# Mom Angry At Airline After Employee Name Shames Daughter, Abcde



## Leeda.the.Paladin (Nov 29, 2018)

ORANGE COUNTY, CA (RNN) - Southwest Airlines has apologized after one of its employees reportedly name-shamed a 5-year-old girl.

Traci Redford said a gate agent at California’s John Wayne Airport made fun of her daughter’s name, Abcde Redford, according to KABC.

She pronounces her name “ab-city” and because she suffers from epilepsy, she and her mom always pre-board. 

The Redfords were flying home to El Paso, TX, when the gate agent laughed at the name, pointed it out to coworkers and even went so far as to post a photo of Abcde’s boarding pass on social media so that others could join her in name shaming.

“While I was sitting there, she took a picture of my boarding pass and chose to post it on social media, mocking my daughter,” Redford told local media. “It was actually brought to my attention by somebody who had seen it on Facebook and reported it to Southwest Airlines. And after two weeks of doing a formal complaint, Southwest hadn't done anything.”

Southwest Airlines issued the following statement:

_“We extend our sincere apology to the family. We take great pride in extending our Southwest Hospitality to all of our Customers, which includes living by the Golden Rule and treating every individual with respect, in person or online. The post is not indicative of the care, respect, and civility we expect from all of our Employees. We have followed up with the Employee involved, and while we do not disclose personnel actions publicly, we are using this as an opportunity to reinforce our policies and emphasize our expectations for all Employees.”_

According to Babynames.com, Abcde is not currently ranked in United States births. Even so, Vocativ reviewed the Social Security Administration database in 2014 and found that 328 babies, all girls, had been named Abcde in the U.S.

Also in 2014, the name Abcde made national headlines when a 7-year-old Autistic girl, also named Abcde, was turned away by a mall Santa Claus.
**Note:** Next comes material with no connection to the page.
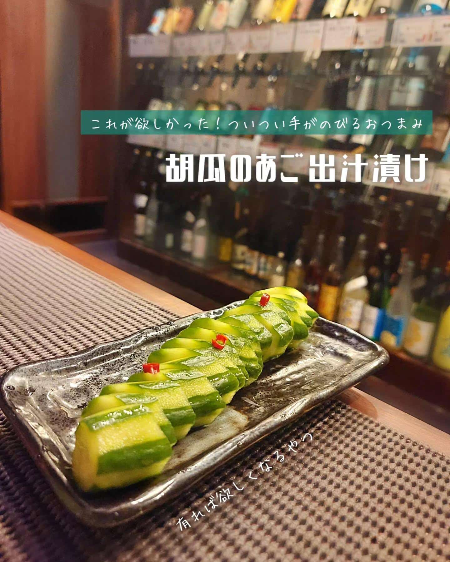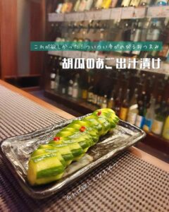 九州らしくあご出汁で漬けた胡瓜のお漬け物。

_Copyright 2018 Raycom News Network. All rights reserved._


----------



## Leeda.the.Paladin (Nov 29, 2018)

Name shaming?


----------



## lesedi (Nov 29, 2018)

ab-city tho


----------



## lesedi (Nov 29, 2018)

She had 9 months to think about this, she deserves all the name shaming she gets. Her poor daughter does not. Baby girl was set up.


----------



## Black Ambrosia (Nov 29, 2018)

People don’t care about their jobs at all. How hard is it to stay off of social media? And she was rude af for doing that in front of them. I can see chuckling when you first see it but pointing it out to others and laughing while the person is there? Who raises these people?


----------



## danniegirl (Nov 29, 2018)

i hope she was fired 

but is the baby name really ABCDE >>>FGHIGK >>>LMNOP

Dear God  if it is 

someone need to find that pic so we can rule out ethnicity


----------



## ladysaraii (Nov 29, 2018)

danniegirl said:


> i hope she was fired
> 
> but is the baby name really ABCDE >>>FGHIGK >>>LMNOP
> 
> ...



I saw the article. They're white.


----------



## Southernbella. (Nov 29, 2018)

danniegirl said:


> i hope she was fired
> 
> but is the baby name really ABCDE >>>FGHIGK >>>LMNOP
> 
> ...



They're blonde hair/blue eyed white.

That said, I still don't care for name shaming. Yeah she named her daughter after an urban legend but if the name ever caught on with more of her people, all of a sudden it would become "normal."


----------



## LivingInPeace (Nov 29, 2018)

People need to stop giving children dumb names. I don’t care if white people do it. I do care when black people make up nonsense and put it on a birth certificate. And I don’t care if that makes people mad. They’re children, not pets. And I’m not trying to hear about it being part of the culture. Names should have meanings behind them. They shouldn’t be a collection of random letters that don’t correlate with pronunciation.


----------



## RoundEyedGirl504 (Nov 29, 2018)

Southwest employees don't care about their jobs huh? People name their kids what they want, but the employee was trifling.


----------



## Cheleigh (Nov 29, 2018)

The showing other coworkers in front of the woman and posting of someone's actual boarding pass on SM is a fireable offense. If she'd just hooted about it after the woman left and kept if off SM, she would have been alright. That said, the name is ludicrous and she's unwittingly set her child up for a lifetime of this sort of behavior from kids and adults alike. There are plenty of unique and unusual names that don't include just writing the first five letters of the alphabet.


----------



## PopLife (Nov 29, 2018)

Why do parents do this? I get being unique, but does she not realize the confusion/embarrassment a name like this can cause...


----------



## nysister (Nov 29, 2018)

That was a disrespectful and rude thing to do to the child, on behalf of the employee and the parent.


----------



## nysister (Nov 29, 2018)

The mother's name is Traci (Redford).

I'm a bit confused how you're of American extraction named Traci but thought that was a good idea for a child's name. I'd sooner call a kid ''Spot" or for that matter Kal-El.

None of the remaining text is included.